Labor Markets, Unions, and Government Policies

By Everett Johnson Burtt Jr. | Go to book overview

21 ■
THE GOVERNMENT AND ECONOMIC SECURITY

THE MAJOR SOURCES of economic insecurity for workers and their families are unemployment, sickness, disability or death of the wage earner, and retirement because of old age. Each of these brings loss of income and possibly increased expenditures and can cause economic hardship and even financial disaster. Within the modern urbanized, industrialized economy, where the income of the individual and the family is primarily derived from wages and salaries, protection against serious income losses is a principal objective of government economic security programs.

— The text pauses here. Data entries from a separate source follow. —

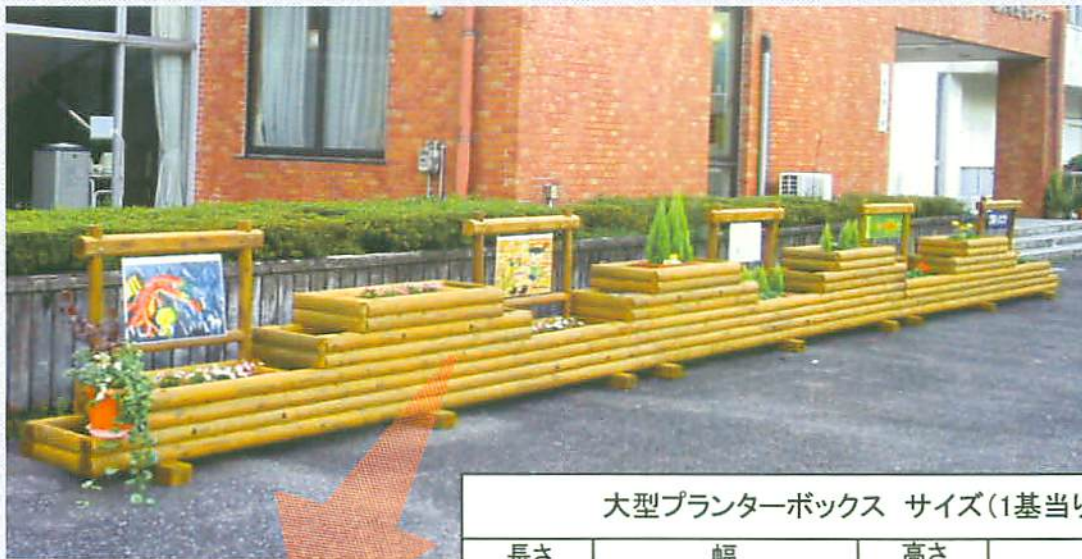
大型プランターボックス サイズ(1基当り)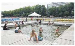
巴黎19区维莱特港池的泳区

巴黎4区的玛丽支流泳区 (Bras Marie)、15区的格勒内勒支流泳区 (Bras de Grenelle) 以及12区的贝西码头泳区 (Quai de Bercy)。为确保安全，相关部门将每日对水质进行实验室采样检测。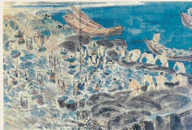
資料2 イワシ漁と干鰯づくりの様子(「西蒲原郡五十嵐浜村 鰯漁及干鰯船積之図」(部分))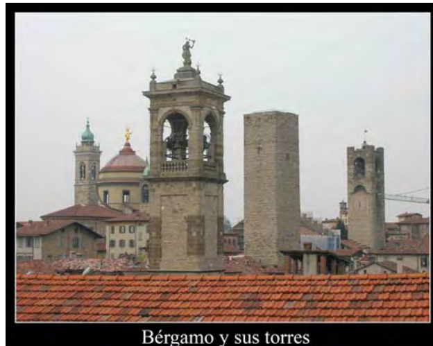
Bérghamo y sus torres

Y el último día paseamos por Bérghamo, aunque para algunos no era la primera vez.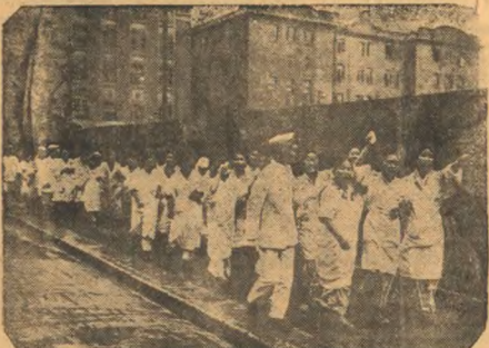
На снимке: демонстрация выходящих работниц в Тонки, требующих повышения зарплат.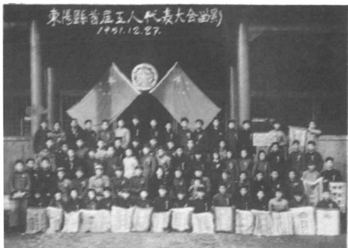
1951年12月27日召开的东阳县首届工人代表大会代表。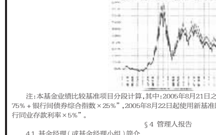
注:本基金业绩比较基准项目分段计算,其中:2005年8月21日之前(含此日)采用“深证100指数×75%+银行间债券综合指数×25%”,2005年8月21日起使用新基准“深证100指数收益率×95%+银行间存款利率×5%”。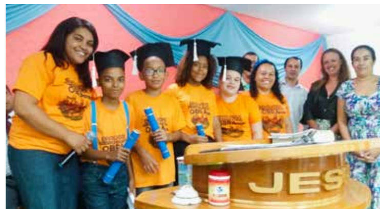
Quem ultrapassou a idade recebeu certificado por participação

dim de Deus”, que vencendo o prazo imposto pela faixa etária, migram para o departamento dos adolescentes. Cada um foi contemplado com o certificado de desempenho enquanto membro do referido conjunto.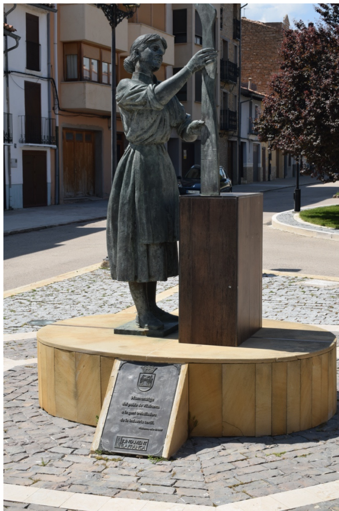
(Estàtua de la dona treballadora)

Relief and Social Insurance

Governments have long recognized the responsibility of providing for the needy in society. In the United States prior to the Social Security Act of 1935, local governments bore the primary costs of relief for the poor, sick, and aged. Their assistance programs were generally organized to meet actual needs, as measured by the gap between some accepted minimum standard of income and the "means" available to the individual. The income and assets of the family unit therefore had to be investigated by a social worker or some welfare officer. Many limitations were placed on the granting of relief payments, however. For example, they were paid only to those who had resided within the community for a specified period of time, in order to prevent an overwhelming number of applicants from other areas. Communities would deny relief to those whose relatives were able to furnish support.